Task description
Exactly the lines below from the line with "退職金が入ると、まず勧められ" through the line with "रायपुर। थाना डीडी" must make up the answer, both ends included and pictures left out.

Provided entries
·····

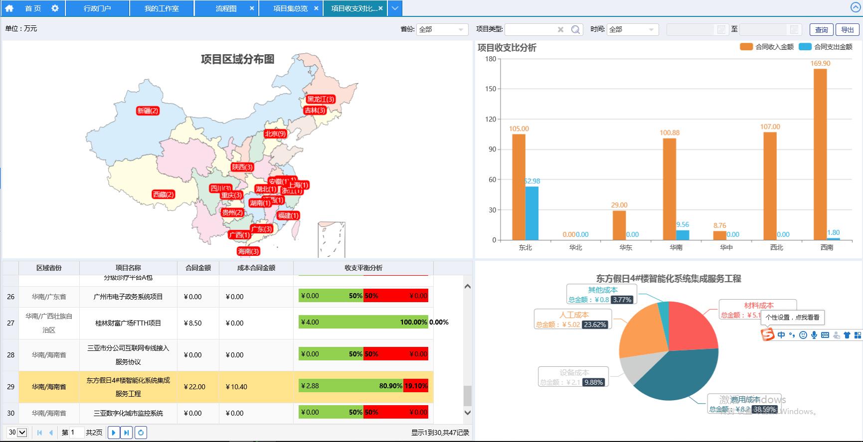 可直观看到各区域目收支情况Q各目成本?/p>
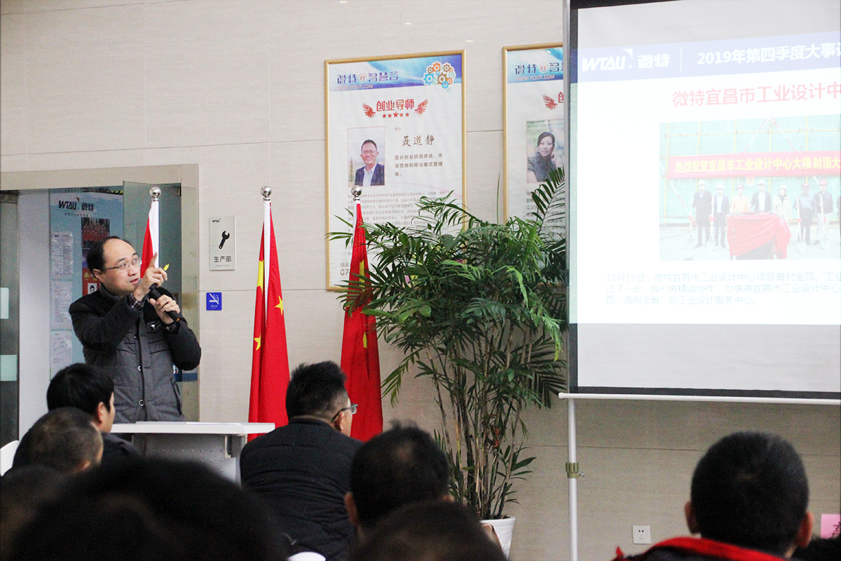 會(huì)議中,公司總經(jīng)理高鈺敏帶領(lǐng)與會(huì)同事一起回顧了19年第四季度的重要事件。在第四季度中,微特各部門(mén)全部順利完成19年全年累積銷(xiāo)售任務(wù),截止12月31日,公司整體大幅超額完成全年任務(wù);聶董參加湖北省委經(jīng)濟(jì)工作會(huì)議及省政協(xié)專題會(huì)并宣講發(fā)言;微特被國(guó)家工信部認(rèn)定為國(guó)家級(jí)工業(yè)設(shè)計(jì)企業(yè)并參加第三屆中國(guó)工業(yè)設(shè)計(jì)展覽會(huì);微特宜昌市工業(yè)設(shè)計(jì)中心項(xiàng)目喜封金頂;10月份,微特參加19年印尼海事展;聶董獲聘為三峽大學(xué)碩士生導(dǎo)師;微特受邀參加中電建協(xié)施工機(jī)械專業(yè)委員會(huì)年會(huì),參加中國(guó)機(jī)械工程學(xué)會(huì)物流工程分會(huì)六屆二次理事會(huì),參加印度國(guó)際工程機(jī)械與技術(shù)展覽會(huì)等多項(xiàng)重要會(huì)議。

·····

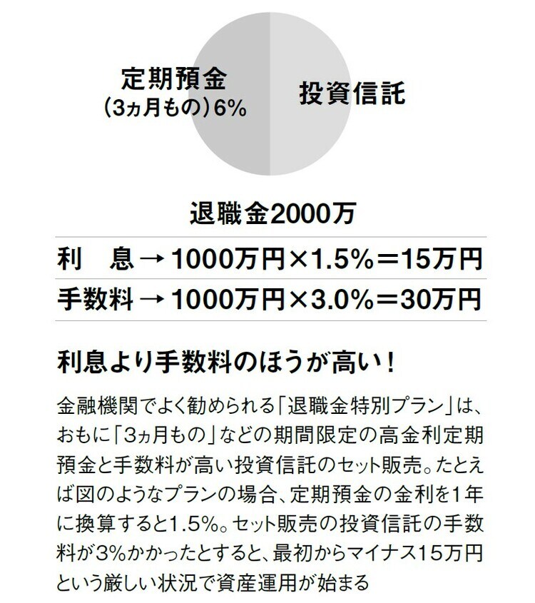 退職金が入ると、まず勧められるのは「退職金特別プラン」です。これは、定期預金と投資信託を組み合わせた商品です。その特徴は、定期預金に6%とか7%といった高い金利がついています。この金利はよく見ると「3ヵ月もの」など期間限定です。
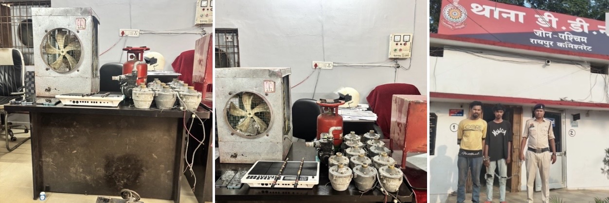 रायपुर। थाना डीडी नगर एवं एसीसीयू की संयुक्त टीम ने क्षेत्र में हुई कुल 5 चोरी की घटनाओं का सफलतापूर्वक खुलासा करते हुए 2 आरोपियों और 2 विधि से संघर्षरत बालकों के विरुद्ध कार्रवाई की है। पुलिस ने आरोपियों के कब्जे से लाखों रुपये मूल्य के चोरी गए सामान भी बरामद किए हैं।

·····

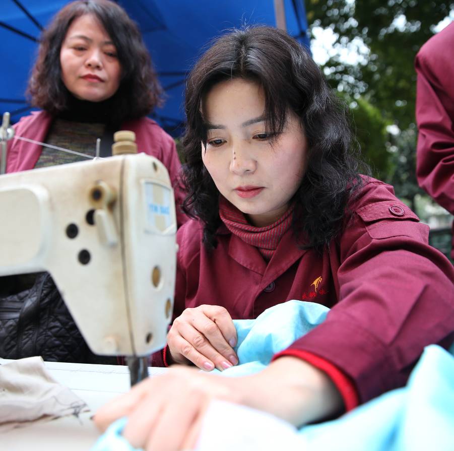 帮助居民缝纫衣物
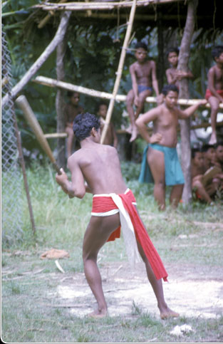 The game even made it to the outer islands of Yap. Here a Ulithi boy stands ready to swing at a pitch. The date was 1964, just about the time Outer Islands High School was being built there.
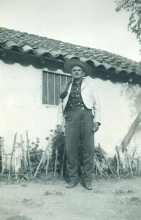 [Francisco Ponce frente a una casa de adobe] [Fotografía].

·····

Solved problem
 退職金が入ると、まず勧められるのは「退職金特別プラン」です。これは、定期預金と投資信託を組み合わせた商品です。その特徴は、定期預金に6%とか7%といった高い金利がついています。この金利はよく見ると「3ヵ月もの」など期間限定です。
 रायपुर। थाना डीडी नगर एवं एसीसीयू की संयुक्त टीम ने क्षेत्र में हुई कुल 5 चोरी की घटनाओं का सफलतापूर्वक खुलासा करते हुए 2 आरोपियों और 2 विधि से संघर्षरत बालकों के विरुद्ध कार्रवाई की है। पुलिस ने आरोपियों के कब्जे से लाखों रुपये मूल्य के चोरी गए सामान भी बरामद किए हैं।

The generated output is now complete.